Boards of directors of infrastructure companies are largely dominated by government officials, making them susceptible to decisions being made in the interest of government policy and not of minority shareholders or creditors, he added.

State-linked Emaar Properties, Dubai’s largest listed company by market value, quietly replaced its group CEO Low Ping late last year, appointing Abdulla Lahej as her replacement, industry sources told Reuters.

But the company did not announce this to the stock exchange until late January, three days after Reuters reported the news. Emaar did not respond to emails seeking comment on the delay.

A lack of forward guidance for analysts during companies’ conference calls on their business is another frustration.

“As an analyst, you’re always worried about not being told the same thing as others,” said Sanyalaksna Manibhandu, senior analyst at NBAD Securities in Abu Dhabi.

“There is an inconsistency – the regulator encourages transparency but the companies will say we can’t give you certain information.”

A Reuters survey of a dozen international fund managers found Saudi Arabia ranked highest among the five main Middle Eastern exchanges for disclosure of corporate information, with 43 points out of a possible 60. Qatar followed with 41 points and Egypt with 39. Kuwait came bottom with just 18 points.

TRADING

Erratic corporate disclosure in Gulf markets can lead to big and unexplained share price moves, sometimes extending over several days, that are eventually followed by major corporate announcements.

In these cases it is usually not clear that any improper trading has occurred – but the suspicion can be hard to avoid.

“Unexplainable market moves destroy investor confidence. You need to see prices react to news – whether positively or negatively – and you need to see it happening legitimately in the market, with a proper flow of information,” said Ali Adou, portfolio manager at Abu Dhabi’s The National Investor.

All of the national regulators have rules against insider trading or other improper market activity. The UAE’s Securities and Commodities Authority, for example, says a person who exploits unpublicised information for personal benefit can be liable to imprisonment of up to three years and a fine of as much as Dhs1 million ($270,000).

But around the region, authorities may lack the investigative muscle to go after illicit investors, and there have not been the high-profile legal cases against insider traders seen in other countries such as the United States.

“There are classic cases of leaks in information which can’t be proved, and we don’t have answers,” said Alawi.

The picture is not entirely grim.
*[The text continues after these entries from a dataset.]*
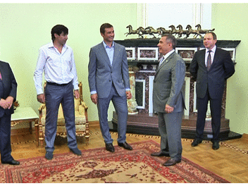 Event: Tatarstan President Rustam Minnikhanov presents Orders of Merit for the Republic of Tatarstan to former players of Ak Bars hockey club A.A.Morozov and D.Z.Zaripov 05.07.2013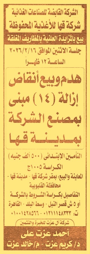HOT Information مزايدة علنية لعملية هدم وبيع أنقاض إزالة 14 مبنى بمصنع الشركة بمدينة قها (المعاينة يوميا من الساعة 8 ص حتى 3 ع ما عدا الجمعة والسبت) عن جريدة الأخبار Post navigation جهاز تنمية مدينة طيبة الجديدة الوحدة المحلية لمدينة رأس سدر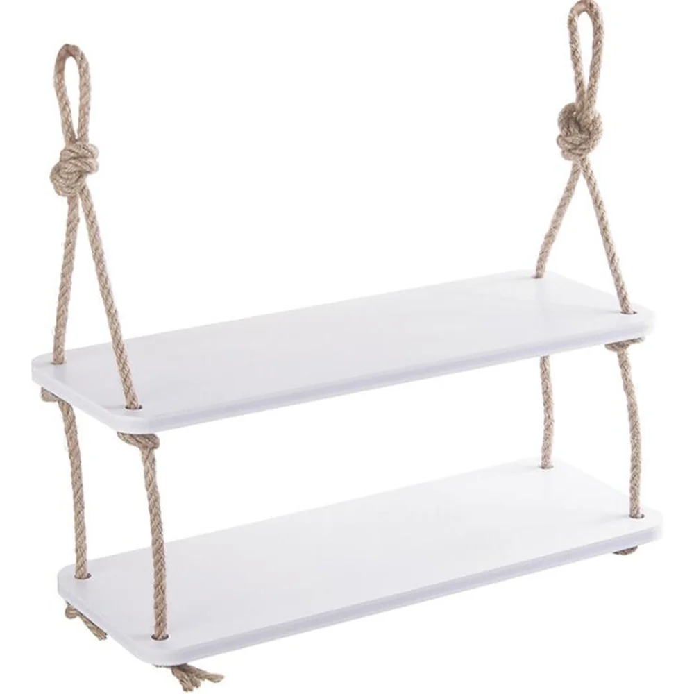 Бесплатная пробивная настенная полка для гостиной, разделитель слов, спальня, пеньковая веревка, двухслойная доска, стеллаж для хранения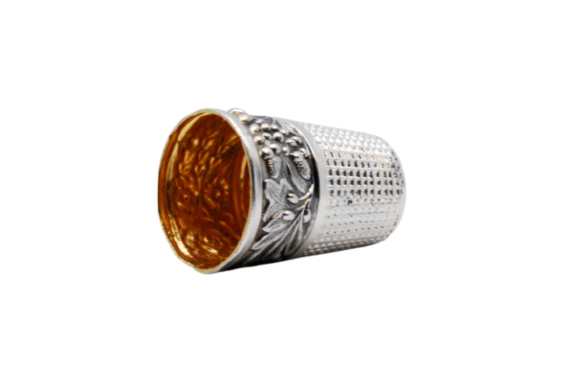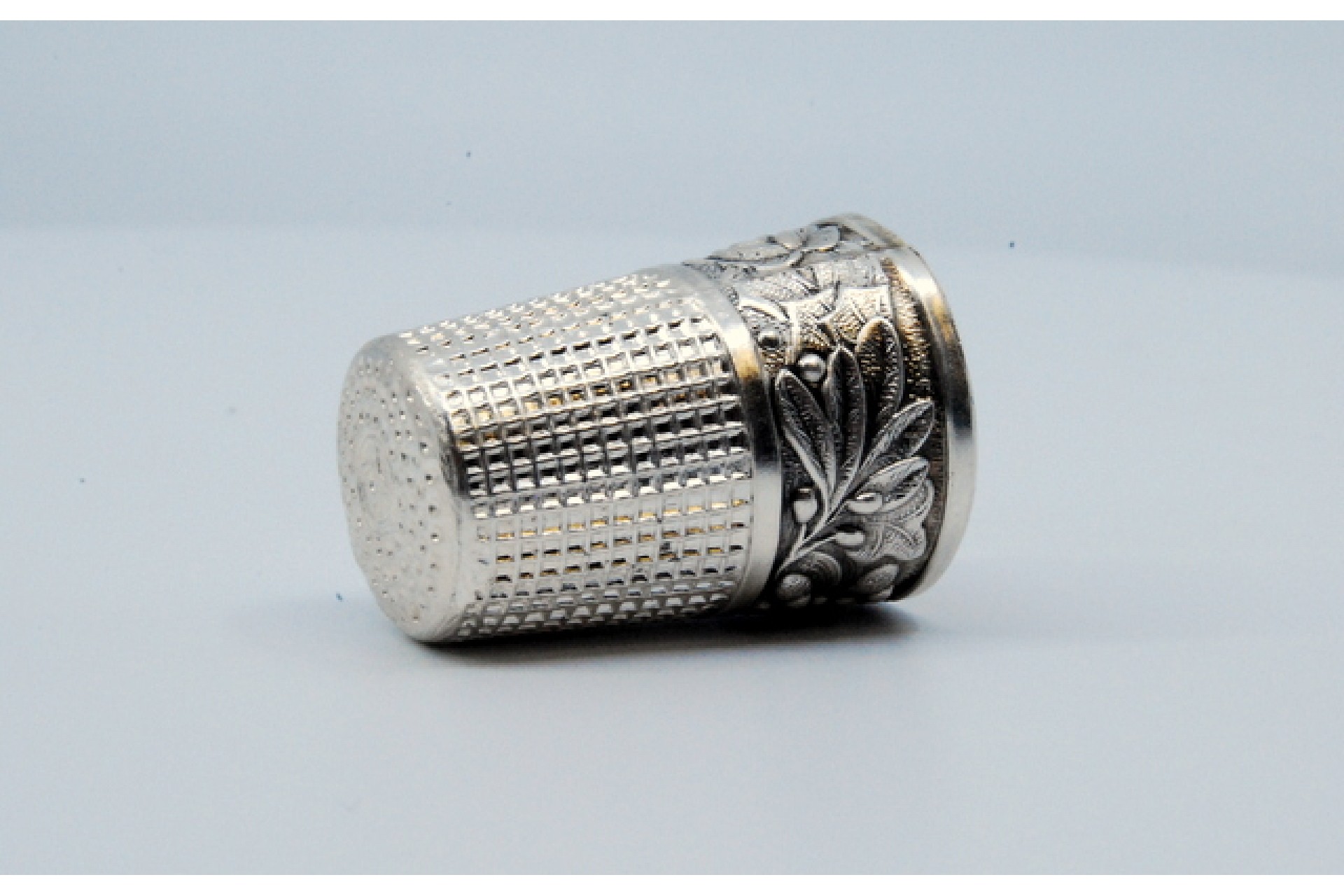 • Descrição: Dedal em prata com flores e ramos em relevo na base.

Egypt, which has a stock exchange history dating back over a century, has a relatively strong reputation for acting against improper trading.

Last month its financial regulator cancelled a day of trades in shares of Cairo-listed investment bank EFG-Hermes, which had soared before the bank announced a 1 billion Egyptian pound ($144 million) share buy-back.

Some fund managers believe more exposure to foreign capital, and Gulf countries’ desire to diversify their economies beyond oil, will encourage them to tighten standards in coming years.

In Saudi Arabia, that already appears to be happening as the Capital Market Authority prepares the stock market for its eventual opening to direct foreign investment. The regulator issued tens of millions of riyals (millions of dollars) in fines to investors in 2013 for breaches of trading regulations, and fined some companies small amounts for poor disclosure.

Adou at The National Investor said that while the Gulf’s regulatory framework was overall below par compared to developed markets, a lot of effort had gone into improving transparency and corporate governance in recent years.

But some analysts think the government’s relationship to regulators may need to change for any major improvement.

“GCC regulators need to be independent of and have a mandate enabling them to work independently from the government for the level of corporate governance to improve,” said Nasser Saidi, founder and president of Nasser Saidi & Associates, an economic consulting company based in Dubai and Beirut.

The Reuters survey found Egypt ranked highest among the five main Middle East markets for enforcement of rules against illicit trade, with 43 points. Saudi Arabia, at 35 points, came second; Kuwait was again at the bottom with only 14 points.